Some users may be un-homed. Getting the address of a user who does not have a traditional home can be tricky. Consider fallback solutions that gracefully handle situations where an individual:

  • lacks a permanent address
  • is "couch surfing" or staying with a friend
  • living in a homeless shelter
  • is sleeping outside
  • is otherwise experiencing homelessness

Note that many unhoused people do have a place that they receive mail. It might be:

  • a friend or family member
  • a local homeless shelter
  • a PO Box or non-traditional box (such as at Mailboxes, Etc.)
  • general delivery at the local post office

For people with these common solutions, the traditional address question above may be sufficient.

Determine the purpose of collecting the address​

When designing your address question, it is important to know whether the address is being collected to provide a place to send official correspondence or to determine eligibility or venue.

For eligibility and venue, knowing the city and state is usually enough. People without a traditional home still stay in a city and state. Note: someone who is unhoused may be more likely to use a mailing address that is not in the same venue as their physical location.

There may be special circumstances where more information is required for determining venue or eligibility. For example, Dana Chisnell of the United States Digital Service Agency reports that they allow people without a traditional address to mark a map indicating the intersection where they can normally be found.

If the address is being used for official correspondence, decide how to handle the fact that some users just will not have a traditional address to receive correspondence.

Ask for a city, state, and a written explanation​

id: person's address
sets:
- person.address.address
- person.address.city
question: |
Person's Address
fields:
- code: |
person.address_fields(allow_no_address=True)

Use person.address.has_no_address as a trigger, not person.address.address​

If you need to accommodate users without a traditional address, use the variable person.address.has_no_address as a trigger in your interview order block, instead of person.address.address.

Come up with a strategy for placing the alternative address on the form​

Most forms have two lines for an address--a line for apartment, street number and street name, and a separate line for the city, state, and zip code.

If you use the 3-part input described above, you can put the explanation on line 1 and fill in the city and state as normal, leaving the zip code blank.

Make sure the user knows the character limit for this line on the form. Consider providing an addendum.

If you use the Assembly Line framework, the following methods are all "aware" of the variation on an address that handle un-homed individuals, and you do not need any special logic in the template file or attachment block:

  • address.block()
  • address_block()
  • address.on_one_line()
  • address.line_one()
  • address.line_two()

Handling international addresses​

Court forms usually require that one or both litigants in the action reside in the United States, but they may require you to provide the address of a non-party to the case. That person may not live in the same country as the jurisdiction of the form.

International addresses are complicated. Divisions like "state" may have a different name and may not be commonly used to address mail in some countries. The order of fields like postal code and apartment number may be totally different.

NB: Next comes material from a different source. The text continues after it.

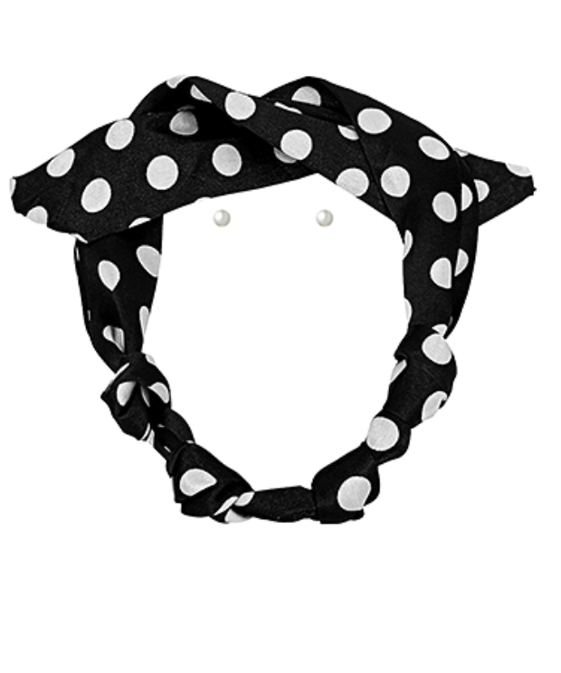 The Dot Pattern Scarf Necklace Set adds a chic twist to your accessories. Featuring a lightweight fabric scarf with a playful dot design and paired with faux pearl stud earrings, this 14" set is an easy way to elevate any outfit.

Ideally, your address fields should accommodate the order and presence of fields for at least the most common countries that your users will provide addresses from.

The most common field that will cause trouble is the drop-down menu for "state". You may want to replace this with a free-text field and make it optional when an international address might be provided in your interview.

Consider a fall back of a completely open text field​

The most flexible input of all for an address is a wide-open text field. This may be appropriate to show as an alternative, even if your user is able to select the country, to handle countries with address formats that you may not know in advance.

Keep in mind that this may not be a very good user experience for most users. Your default address question should be more standardized.